-- Opening Marker --

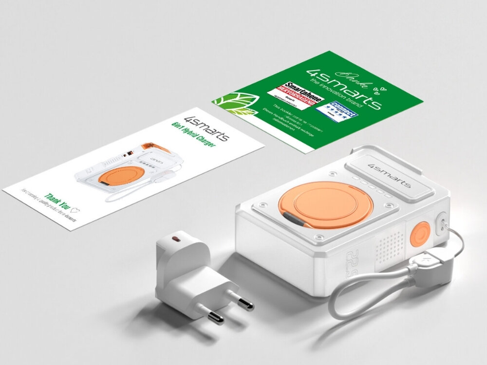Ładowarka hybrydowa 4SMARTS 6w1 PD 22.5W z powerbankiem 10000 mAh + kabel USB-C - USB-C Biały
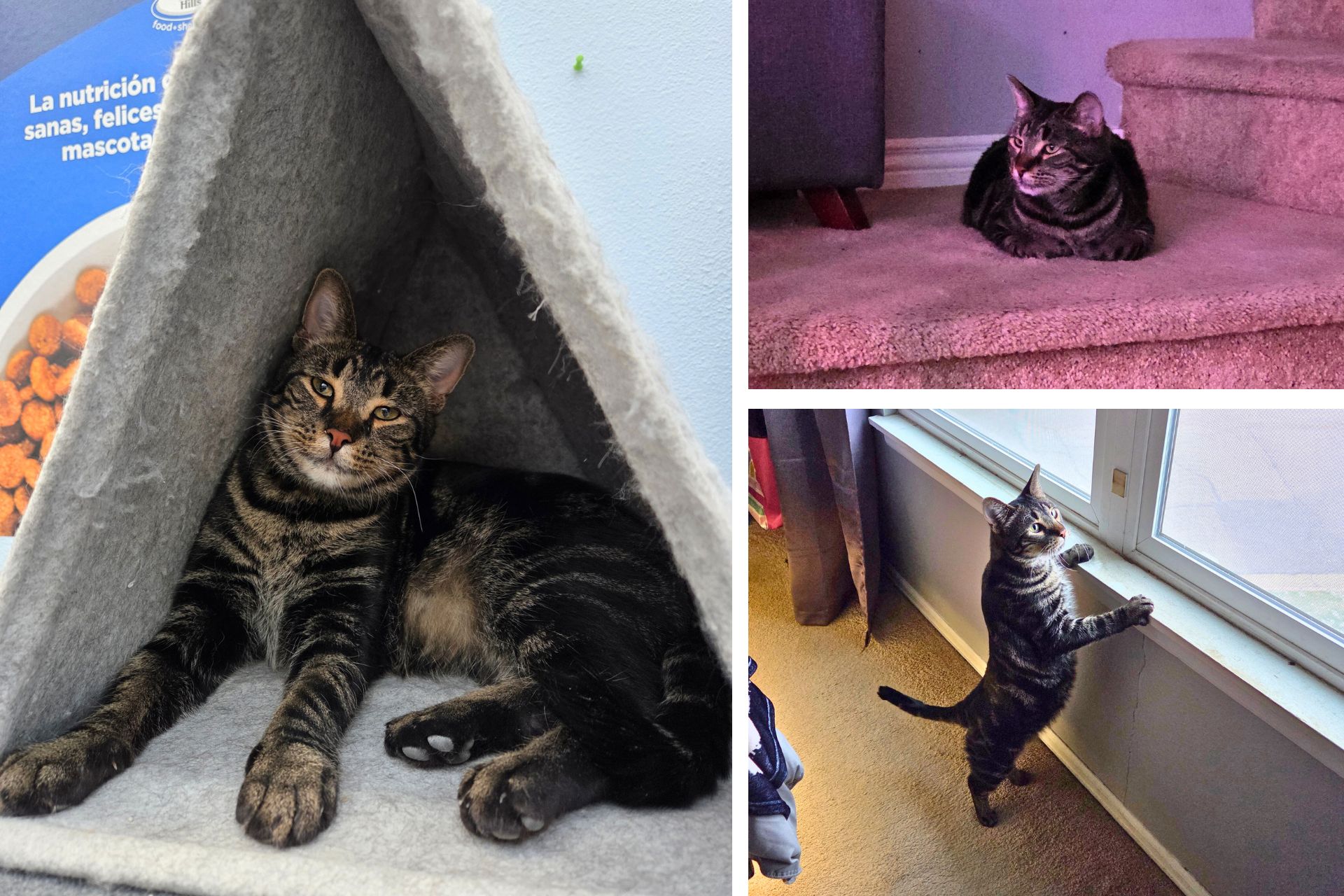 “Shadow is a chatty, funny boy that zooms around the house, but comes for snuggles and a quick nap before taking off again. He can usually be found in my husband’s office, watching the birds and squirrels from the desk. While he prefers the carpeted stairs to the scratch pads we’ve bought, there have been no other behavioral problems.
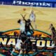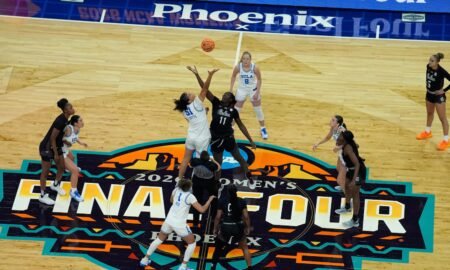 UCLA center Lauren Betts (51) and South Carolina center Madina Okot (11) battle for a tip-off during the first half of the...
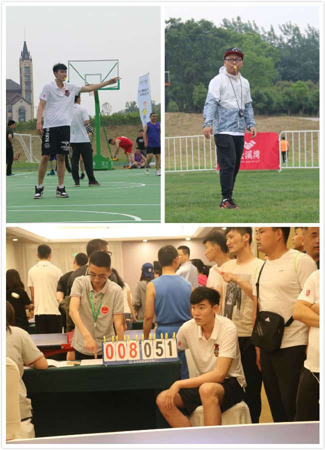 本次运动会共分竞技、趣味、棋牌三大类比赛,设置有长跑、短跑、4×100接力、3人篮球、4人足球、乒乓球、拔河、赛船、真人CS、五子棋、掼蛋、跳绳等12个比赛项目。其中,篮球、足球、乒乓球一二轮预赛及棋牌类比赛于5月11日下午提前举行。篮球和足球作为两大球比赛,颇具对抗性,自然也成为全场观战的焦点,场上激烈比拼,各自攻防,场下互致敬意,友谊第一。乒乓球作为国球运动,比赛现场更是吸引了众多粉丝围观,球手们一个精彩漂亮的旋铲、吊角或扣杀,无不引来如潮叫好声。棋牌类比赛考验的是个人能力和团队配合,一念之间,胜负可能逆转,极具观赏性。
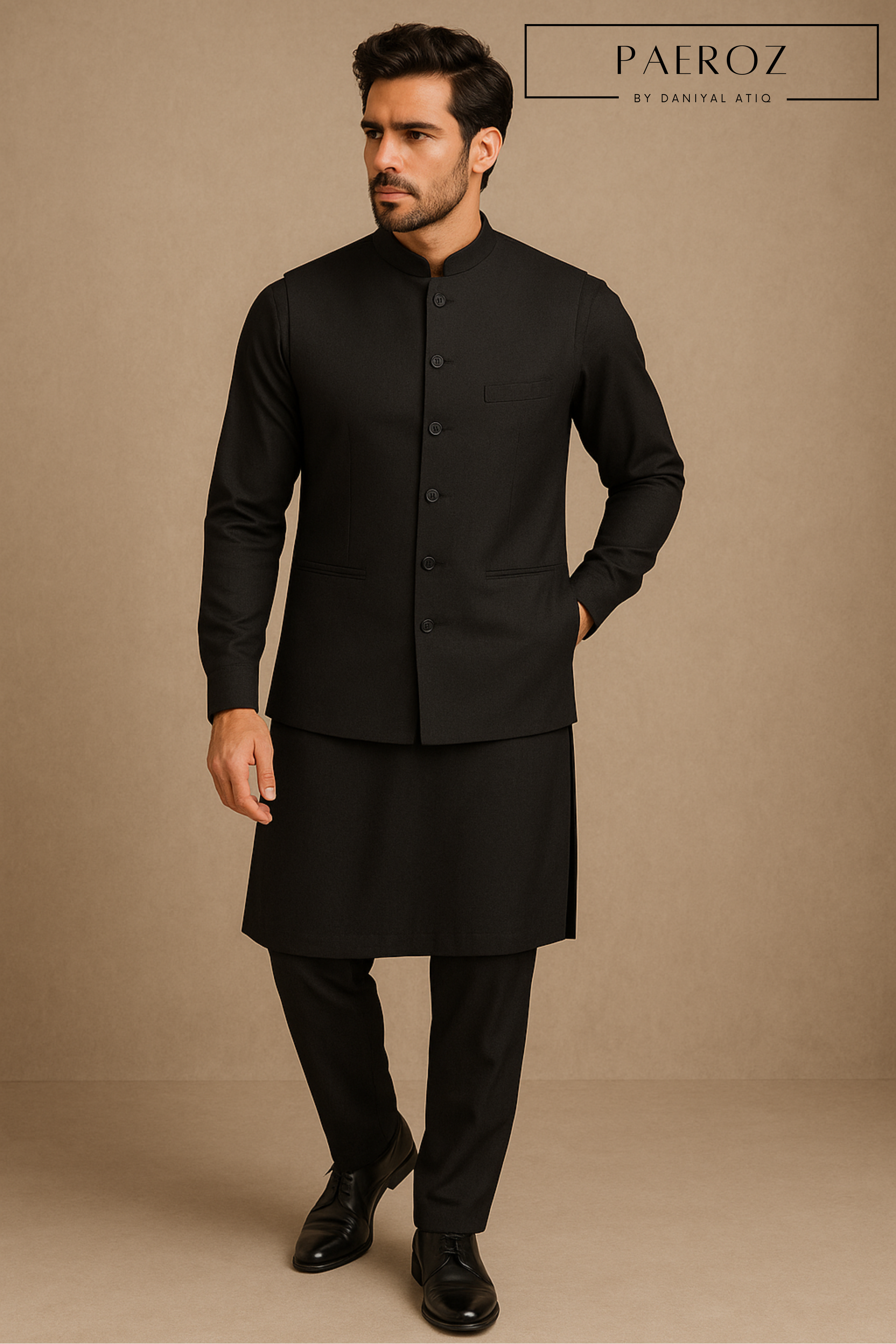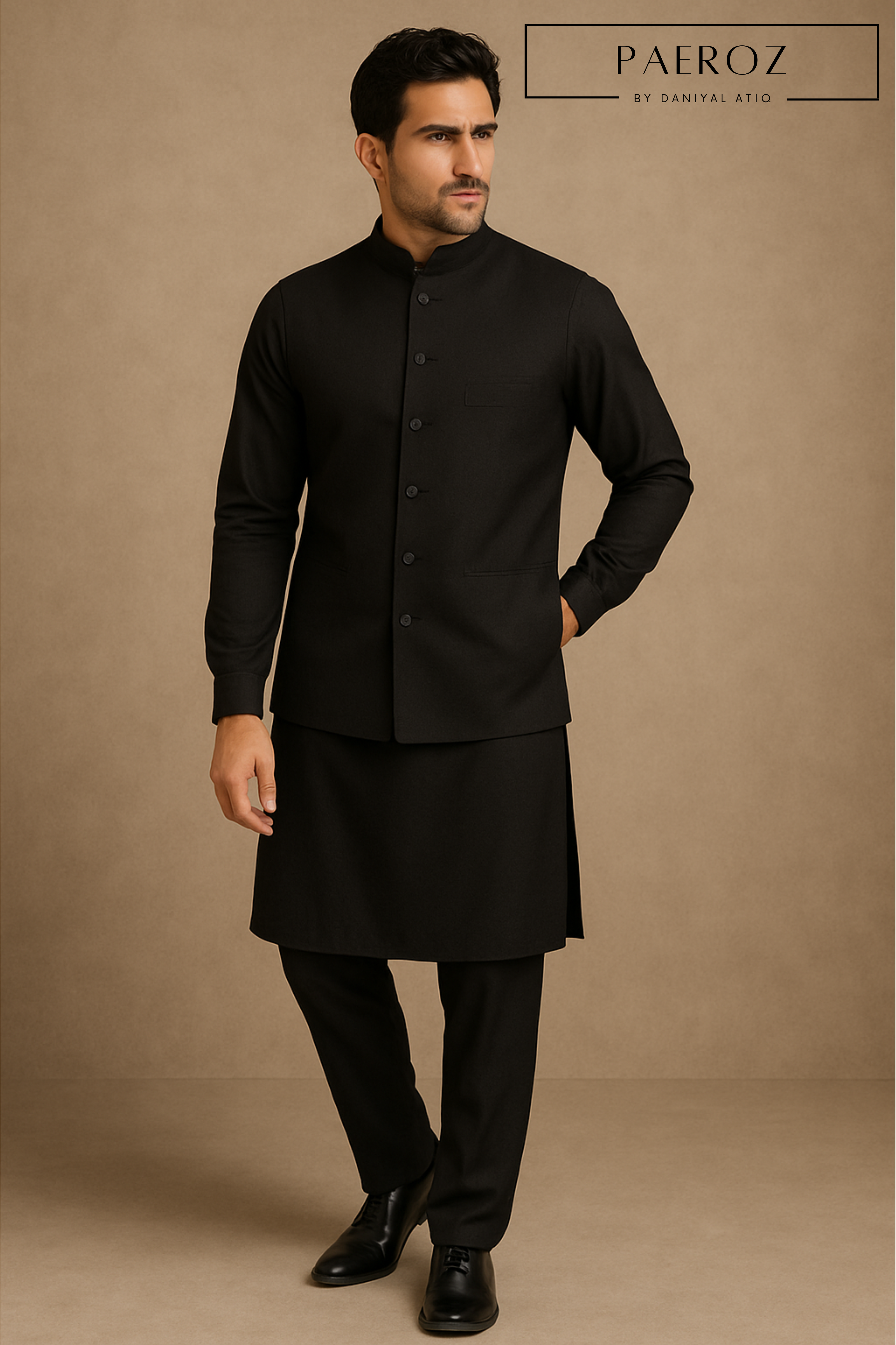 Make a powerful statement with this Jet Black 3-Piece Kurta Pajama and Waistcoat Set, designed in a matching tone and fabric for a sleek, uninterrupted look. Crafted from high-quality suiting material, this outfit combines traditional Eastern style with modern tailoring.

-- Closing Marker --

» **Activity**: Output the records above verbatim. Pictures stay out.

» **Solution to this problem**:
Ładowarka hybrydowa 4SMARTS 6w1 PD 22.5W z powerbankiem 10000 mAh + kabel USB-C - USB-C Biały
 “Shadow is a chatty, funny boy that zooms around the house, but comes for snuggles and a quick nap before taking off again. He can usually be found in my husband’s office, watching the birds and squirrels from the desk. While he prefers the carpeted stairs to the scratch pads we’ve bought, there have been no other behavioral problems.
 UCLA center Lauren Betts (51) and South Carolina center Madina Okot (11) battle for a tip-off during the first half of the...
 本次运动会共分竞技、趣味、棋牌三大类比赛,设置有长跑、短跑、4×100接力、3人篮球、4人足球、乒乓球、拔河、赛船、真人CS、五子棋、掼蛋、跳绳等12个比赛项目。其中,篮球、足球、乒乓球一二轮预赛及棋牌类比赛于5月11日下午提前举行。篮球和足球作为两大球比赛,颇具对抗性,自然也成为全场观战的焦点,场上激烈比拼,各自攻防,场下互致敬意,友谊第一。乒乓球作为国球运动,比赛现场更是吸引了众多粉丝围观,球手们一个精彩漂亮的旋铲、吊角或扣杀,无不引来如潮叫好声。棋牌类比赛考验的是个人能力和团队配合,一念之间,胜负可能逆转,极具观赏性。
 Make a powerful statement with this Jet Black 3-Piece Kurta Pajama and Waistcoat Set, designed in a matching tone and fabric for a sleek, uninterrupted look. Crafted from high-quality suiting material, this outfit combines traditional Eastern style with modern tailoring.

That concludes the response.